▶ **Collected material**:

☆ ☆ ☆

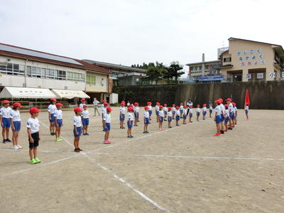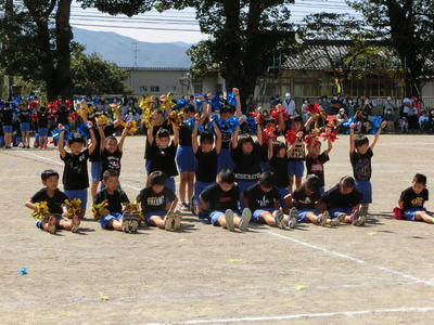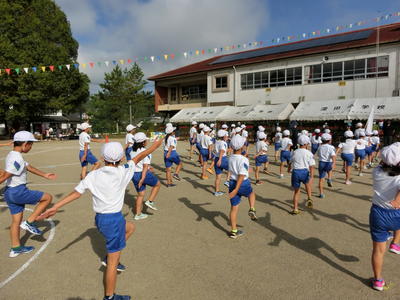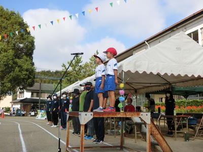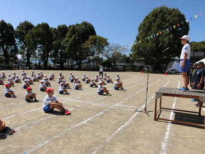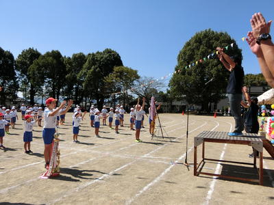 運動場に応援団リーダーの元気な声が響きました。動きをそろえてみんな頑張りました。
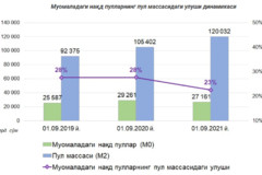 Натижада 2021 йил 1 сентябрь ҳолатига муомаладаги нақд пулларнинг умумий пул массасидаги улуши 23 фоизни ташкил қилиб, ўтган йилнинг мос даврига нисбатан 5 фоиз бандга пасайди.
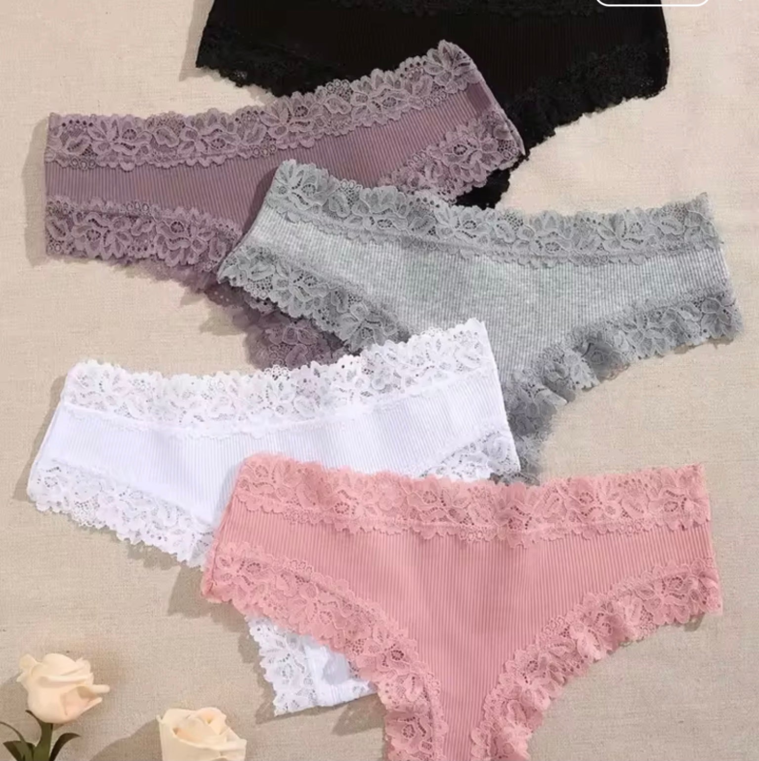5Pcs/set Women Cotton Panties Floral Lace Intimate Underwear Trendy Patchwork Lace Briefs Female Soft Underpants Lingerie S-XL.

☆ ☆ ☆

▶ **What is needed**:
Give every line above again exactly, omitting whatever pictures appear.

▶ **Written solution**:
 運動場に応援団リーダーの元気な声が響きました。動きをそろえてみんな頑張りました。
 Натижада 2021 йил 1 сентябрь ҳолатига муомаладаги нақд пулларнинг умумий пул массасидаги улуши 23 фоизни ташкил қилиб, ўтган йилнинг мос даврига нисбатан 5 фоиз бандга пасайди.
5Pcs/set Women Cotton Panties Floral Lace Intimate Underwear Trendy Patchwork Lace Briefs Female Soft Underpants Lingerie S-XL.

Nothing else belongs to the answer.